The Activity Selection Problem is a classic example of optimization using greedy algorithms. The problem is simple: given a list of activities with a start and finish time, the goal is to select the maximum number of non-overlapping activities. This is a typical problem that can be efficiently solved using a greedy strategy.
You are given a list of activities, each with a start time l and finish time r. Your task is to select the maximum number of non-overlapping activities. The solution must be efficient, meaning we need to find the optimal solution without testing every possible combination.
The goal is to select the maximum number of non-overlapping activities from a list, each defined by a start time and finish time. The greedy approach works by making the optimal choice at each step, ensuring a globally optimal solution.
The process begins by sorting the activities based on their finish times. The first activity, which finishes the earliest, is always selected. Then, for each subsequent activity, we select it if its start time is greater than or equal to the finish time of the last selected activity. This ensures no overlap.
The key to the greedy approach is the greedy choice property: always choose the activity that finishes first to leave room for future activities. This guarantees the maximum number of activities can be selected.
struct activity {
int l;
int r;
};
bool compare(const activity &a, const activity &b) {
return a.r < b.r;
}
vector<activity> solveActivitySelectionProblem(vector<activity> &activities) {
if (activities.size() <= 1)
return activities;
// Sort activities so the one that finishes earliest comes first.
sort(activities.begin(), activities.end(), compare);
// Container for the chosen non-overlapping activities.
vector<activity> selected_activities;
// Always select the first (earliest-finishing) activity.
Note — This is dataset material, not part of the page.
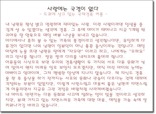 그러나 그러한 경우는 일부에 지나지 않는다. 그렇다면 일본인이 반려자로 외국인을 선택하는 이유는 무엇일까? 그것은 일본인 생활 스타일이 변화하고 있다는 것을 보여주고 있다. 국제인류시대에 외국에서 생활하는 일본인이 많아지면서, 일본은 다민족화 되고 있는 지역사회에 속하게 되었고, 따라서 외국인을 만나는 기회가 결코 드문 일이 아닌 시대가 되었다. 사랑하는 사람이 우연히「일본국적이 아니었다」정도인 것이다(마지막 부분의 '사랑에는 국경이 없다' 참조).

selected_activities.push_back(activities[0]);
// Keep track of when the last selected activity finishes.
int last_finish_time = activities[0].r;
for (size_t i = 1; i < activities.size(); ++i) {
// If the next activity starts at or after the last finish time, select it.
if (activities[i].l >= last_finish_time) {
selected_activities.push_back(activities[i]);
last_finish_time = activities[i].r;
}
}
return selected_activities;
}
class Activity {
int l;
int r;
public Activity(int l, int r) {
this.l = l;
this.r = r;
}
}
public class ActivitySelection {
public static Comparator<Activity> compareByFinishTime = new Comparator<Activity>() {
@Override
public int compare(Activity a, Activity b) {
return Integer.compare(a.r, b.r);
}
};
public static List<Activity> solveActivitySelectionProblem(List<Activity> activities) {
if (activities.size() <= 1)
return activities;
// Sort activities by finish time
Collections.sort(activities, compareByFinishTime);
List<Activity> selectedActivities = new ArrayList<>();
selectedActivities.add(activities.get(0)); // Select the first activity
int lastFinishTime = activities.get(0).r;
for (int i = 1; i < activities.size(); i++) {
// If the next activity starts at or after the last finish time, select it.
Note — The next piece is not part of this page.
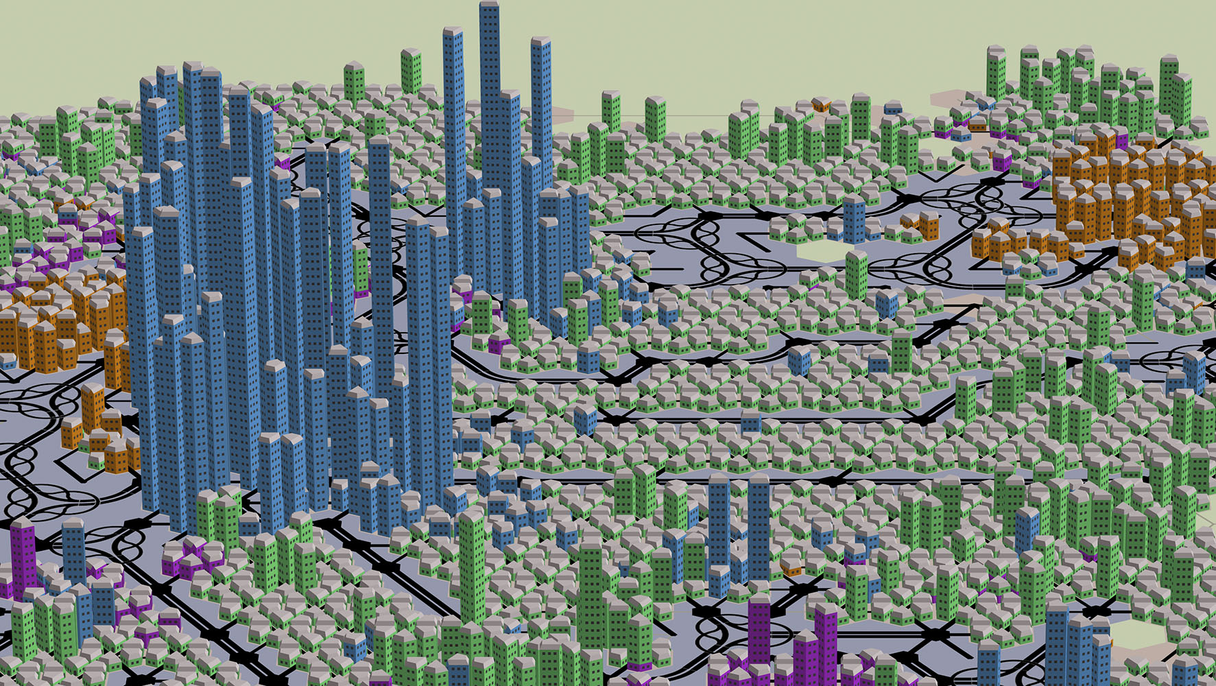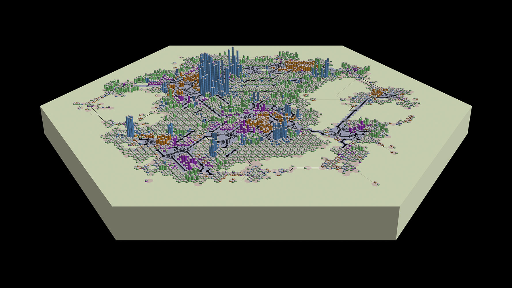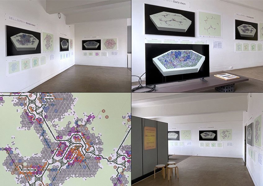 Real cities are shaped partly by individual decisions and partly by plans generated by authorities at the different levels of government. The Bellmorn installation exhibits five stages of development of a simulated city whose evolution is shaped entirely by individual decisions.

if (activities.get(i).l >= lastFinishTime) {
selectedActivities.add(activities.get(i));
lastFinishTime = activities.get(i).r;
}
}
return selectedActivities;
}
}
class Activity:
def __init__(self, l, r):
self.l = l
self.r = r
def solve_activity_selection_problem(activities):
if len(activities) <= 1:
return activities
# Sort activities by finish time
activities.sort(key=lambda activity: activity.r)
selected_activities = []
selected_activities.append(activities[0]) # Select the first activity
last_finish_time = activities[0].r
for i in range(1, len(activities)):
# If the next activity starts at or after the last finish time, select it.
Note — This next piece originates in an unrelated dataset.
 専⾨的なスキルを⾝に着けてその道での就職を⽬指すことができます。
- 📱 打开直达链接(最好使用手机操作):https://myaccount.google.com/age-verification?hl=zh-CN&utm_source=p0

if activities[i].l >= last_finish_time:
selected_activities.append(activities[i])
last_finish_time = activities[i].r
return selected_activities
Sorting the activities takes $O(n \log n)$, where n is the number of activities. The selection step involves a single pass through the sorted activities, which takes $O(n)$. Therefore, the overall time complexity of the algorithm is $O(n \log n)$, dominated by the sorting step.